# Simple Recommendation Model

To get started with this, we will only use a very small portion of the pr_df clean dataset for now.

In [1]:
import polars as pl

# load a subset of the dataset
pr_df = pl.read_parquet("data/intermediate_data/pr_df_clean_issues.parquet")

print(f"Dataset shape: {pr_df.shape}")
print(f'The column names: {pr_df.columns}')


Dataset shape: (10000, 14)
The column names: ['repo', 'parent_repo', 'child_repo', 'issue_id', 'issue_number', 'issue', 'text_size', 'usernames', 'users', 'mock_number', 'issue_title', 'issue_comments', 'issue_title_clean', 'issue_comments_clean']


Now let's vectorize the text. We will use something like we did before, just with a smaller dataset to avoid catapulting my puny computer into the abyss of RAM hell.

In [2]:
from sklearn.feature_extraction.text import TfidfVectorizer

# vectorize the "issue_title_clean" column
vectorizer = TfidfVectorizer(stop_words='english')
tfidf_matrix = vectorizer.fit_transform(pr_df['issue_title_clean'])

print(f'tf-idf matrix shape: {tfidf_matrix.shape}')

tf-idf matrix shape: (10000, 13209)


## Build a Simple Recommendation Function

We will compute similarities for a single query or item and recommend the most similar ones.

In [3]:
from sklearn.metrics.pairwise import cosine_similarity
import numpy as np

def recommend_issues(query_idx, tfidf_matrix, pr_df, top_n = 5):
    """
    recommend the most similar issues based on a given query.
    
    parameters:
    - query_idx: index of the query issue
    - tfidf_matrix: tf-idf matrix
    - pr_df: dataframe of the dataset, contains the issues
    - top_n: number of top similar issues to return
    
    returns:
    - list of top_n similar issues in tuples (index, simlarity_score, title)    
    """

    # compute cosine similarity for the query
    query_vector = tfidf_matrix[query_idx]
    similarities = cosine_similarity(query_vector, tfidf_matrix).flatten()

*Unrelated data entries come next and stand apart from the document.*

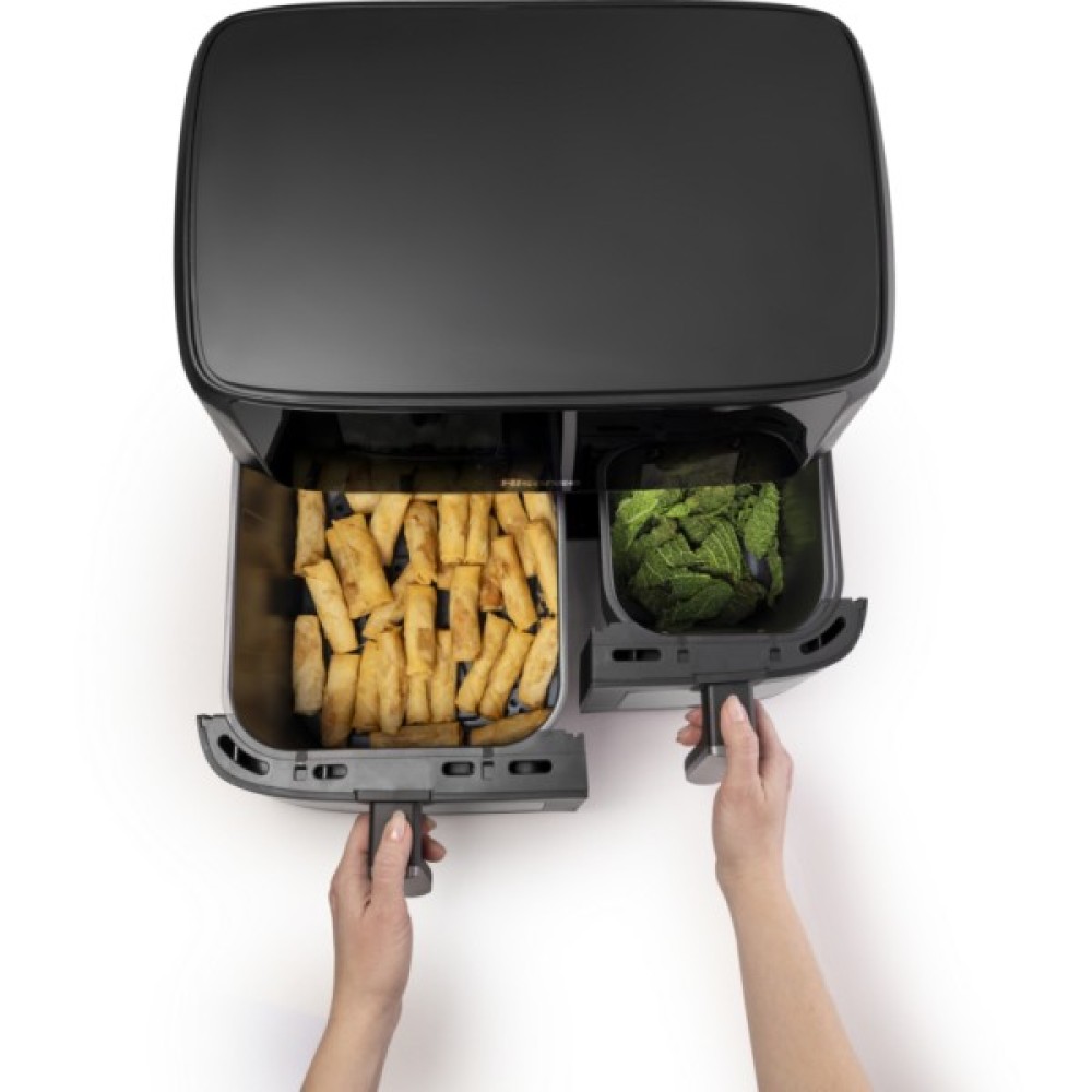 Два окремі кошики, кожен із власним швидкісним нагрівачем і циклонічним вентилятором, дають змогу готувати різні страви одночасно — без змішування ароматів і без очікування.
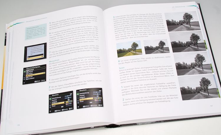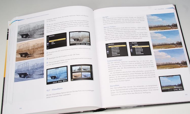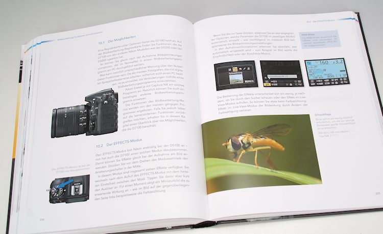 Im überreichlichen Funktionsangebot der D7100 findet man sich besser zurecht, wenn man die im Kapitel 8 beschriebenen Individualfunktionen auf seinen persönlichen Fotografierstil anpasst. Man spart dadurch Zeit und bedient die Kamera viel betriebssicherer. Hier werden auch alle Bedienelemente ausführlich mit Praxisratschlägen beschrieben. Logisches Folgekapitel: die Bildbearbeitungsfunktionen. Immer mehr Nachbearbeitungsschritte können schon in der Kamera vollzogen werden, sieben verschiedene Effekte bis hin zu Filterwirkungen, Farbzeichungs- und Miniatureffekten, dem Entfernen roter Augen oder die Veränderung des Farbtons.
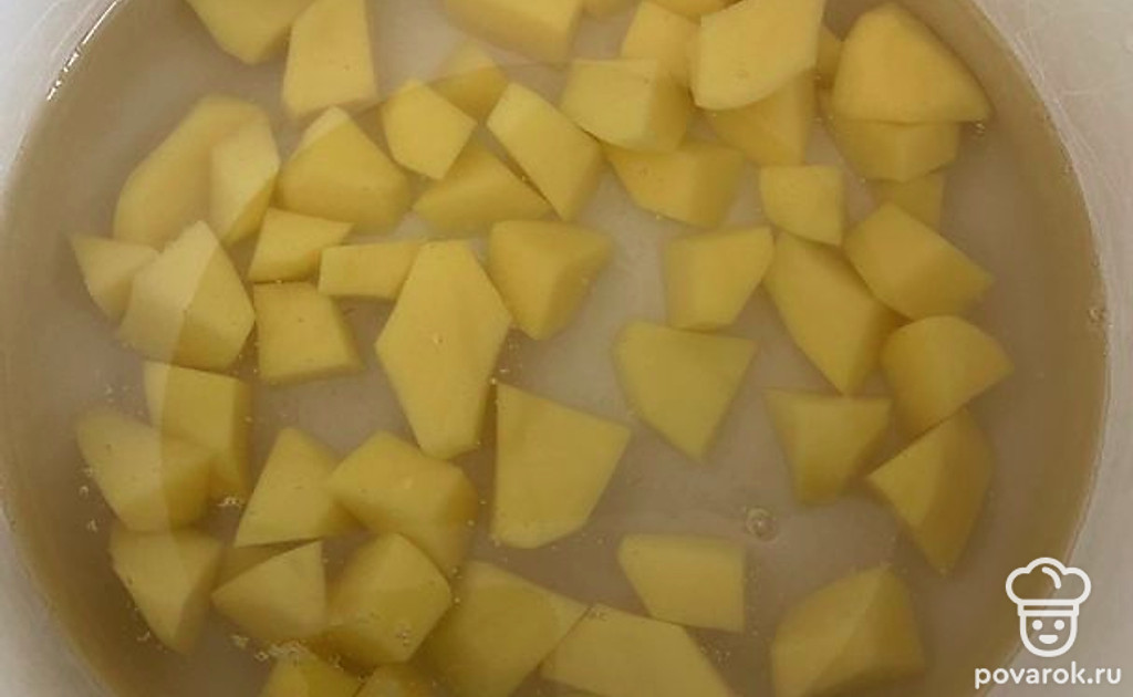 Очистите и нарежьте картофель. Залейте водой в кастрюле, поставьте вариться. Томите, помешивая, до готовности картошки.

    # get the top N most similar items (exclude the query itself)
    top_indices = np.argsort(similarities)[::-1][1:top_n+1]

    recommendations = [
        (
            idx,
            similarities[idx],
            pr_df.row(idx)[pr_df.columns.index('issue_title_clean')]
        ) for idx in top_indices
    ]

    return recommendations

In [6]:
# example: recommend similar issues for the first issue
query_idx = 1000
recommendations = recommend_issues(query_idx, tfidf_matrix, pr_df, top_n = 5)

for idx, score, title in recommendations:
    print(f'index: {idx}, similarity: {score:.2f}, title: {title}')

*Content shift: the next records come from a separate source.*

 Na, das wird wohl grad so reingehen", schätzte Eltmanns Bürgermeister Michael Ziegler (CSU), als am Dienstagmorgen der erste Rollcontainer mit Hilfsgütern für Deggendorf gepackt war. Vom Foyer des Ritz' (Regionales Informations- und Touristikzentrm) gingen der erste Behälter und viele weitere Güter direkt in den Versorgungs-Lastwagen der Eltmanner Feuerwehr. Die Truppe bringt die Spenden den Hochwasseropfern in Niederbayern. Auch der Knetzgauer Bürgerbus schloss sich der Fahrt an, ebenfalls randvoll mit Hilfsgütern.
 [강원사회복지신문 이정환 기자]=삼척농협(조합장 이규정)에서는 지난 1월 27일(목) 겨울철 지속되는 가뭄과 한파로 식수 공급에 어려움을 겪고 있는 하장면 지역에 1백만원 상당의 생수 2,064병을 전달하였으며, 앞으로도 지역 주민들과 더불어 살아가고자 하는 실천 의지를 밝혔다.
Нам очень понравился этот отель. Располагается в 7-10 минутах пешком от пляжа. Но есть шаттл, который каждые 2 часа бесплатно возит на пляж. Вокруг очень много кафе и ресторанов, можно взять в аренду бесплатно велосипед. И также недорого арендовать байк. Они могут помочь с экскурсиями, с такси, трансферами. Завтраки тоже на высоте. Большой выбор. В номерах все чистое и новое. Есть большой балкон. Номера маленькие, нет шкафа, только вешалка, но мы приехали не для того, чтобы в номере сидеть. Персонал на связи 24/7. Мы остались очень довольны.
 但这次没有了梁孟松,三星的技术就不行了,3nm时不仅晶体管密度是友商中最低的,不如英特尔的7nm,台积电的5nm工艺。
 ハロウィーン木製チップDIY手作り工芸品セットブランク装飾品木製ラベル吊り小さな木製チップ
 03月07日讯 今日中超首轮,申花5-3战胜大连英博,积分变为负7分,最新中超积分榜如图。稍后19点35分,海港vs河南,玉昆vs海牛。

index: 9558, similarity: 0.52, title: Upgraded dependencies
index: 99, similarity: 0.45, title: Upgraded to Kong 2.0.3
index: 5603, similarity: 0.43, title: Upgraded Guice to 4.0
index: 1847, similarity: 0.32, title: upgraded dependecy/plugin versions to latest
index: 8939, similarity: 0.31, title: Upgraded timescaledb to 17.4pg12


Not sure how informative this is. The titles for the most similar issues all have  `WIP`... makes sense, but not much one can do with this, at least not with such a simple model.